Buying off plan magnifies your gains and your losses.

I don't see a diffence in how much they lost whether they bought another schmick unit next door finished for 600k or one off the plan for 600k this is what the whole market was worth at that time for that quality. Both would now have lost them 230k either way. Indeed the finished one wouldhav cost them more in interest to hold.

Anyway if it makes you feel any better people on the gold coast have a look at this joint. I want one badly but it is not the right kinda joint for a family.

http://www.oceanique.com.au/oceanique

If you bought one of them off the plan you have taken a significant hammering since. Still real quality places worth a premium I reckon.

Does anyone know what is going on with them. I drove past the other day at sunset and their appeared to be only a few occupied and even them may just be for show?

People just have to realise when signing up for off the plans that they have more to lose than just their deposit in most cases.

Good way though with little money to get a lot of exposure to the property market you just have to be pretty confident in what you are doing.

Cruised past these on Friday

According to the Port Bouvard site

In 2007 Port Bouvard commenced sales and construction of one of the most exclusive residential apartment developments along the Western Australian coast, the Oceanique Luxury Apartments.

The highly anticipated $160 million Oceanique Luxury Apartment development was officially released to the public in July 2007, with sales to date exceeding all expectations. In total, over 40 of the 67 apartments have been sold, representing over $100 million in gross sales value.

Located within the Southport precinct at the Port Bouvard Residential Resort Estate, all apartments have been designed to ensure dual views; to the golf course and ocean to one side, and over the golf course/estate and estuary to the Darling Range on the other.

Apartment owners will be delivered by lift to either a private lobby or directly into their apartment, depending on the apartment layout. This has created a significant privacy factor that has already received tremendous praise from the buyers to date.

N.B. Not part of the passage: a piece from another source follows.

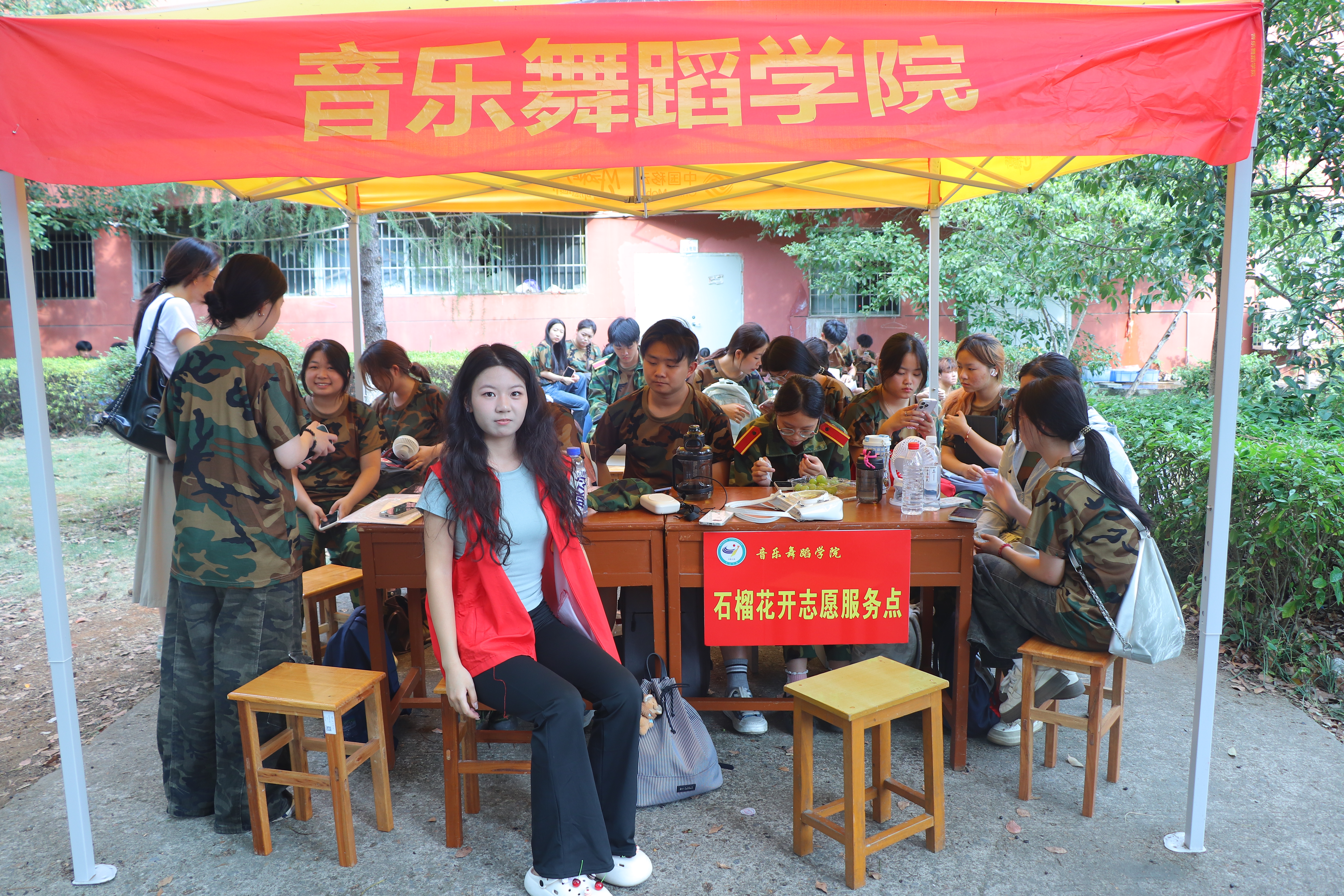 音乐舞蹈学院“石榴花开志愿服务点”在军训场地旁正式设立,志愿者们以饱满的热情和贴心的服务,为新生们的军训生活保驾护航。在志愿服务点,急救箱、饮用水等物资一应俱全。身着红色志愿马甲的志愿者们时刻待命,为训练中出现身体不适的新生提供及时的医疗帮助与休息场所;同时,他们也承担起后勤保障的职责,为新生们补充水分、传递温暖。

The variation of available sizes and layouts has meant that the apartments are suitable to a larger cross section of the market.

And from Perth Now last November

A PERTH-BASED property developer has discounted its apartments at Port Bouvard by up to 40 per cent as it looks to move its focus to the bigger Point Grey development.

Developer Port Bouvard today said it had started an aggressive marketing campaign for the remaining 26 apartments at its Oceanique luxury apartment development.

The centrepiece of the campaign will be the up to 40 per cent discount on the apartments’ original asking price, with the prices starting from $780,000.

“The market is vastly different to where it was in 2007, we acknowledge that, so we have priced our remaining apartments to ensure they sell for a price that still provides a suitable return to the Company and offers an attractive value proposition to purchasers,” Port Bouvard chief executive Johnno Wroth said.

“The aggressive sales campaign is targeted to sell the remaining apartments within this iconic development and is based on a need to ‘meet the market’ and to complete Oceanique in a timely fashion, to allow the Company to focus on the long-term development of its next flagship, Point Grey.”
 
Thanks redwing.

Looks like you can occupy them if you want to. My concern was without a critical mass of occupants they might not bother turning the lifts on etc due to the expense and my drive by the other day did not look like many were home if any.

Anyway anyone from the east looking to holiday to play some golf you could not beat this;

http://www.holidayrentals.com.au/property.asp?id=brad rodgers&origin=HolidayRentals

I should stress again as I am sounding cynical, I reckon as far as value goes they are pretty good value even at over 750k. You could not build that complex for 50million to that finish let alone the golf course etc around it.

$170.00 a night for that kind of apartment is pretty good value for short term holdiys.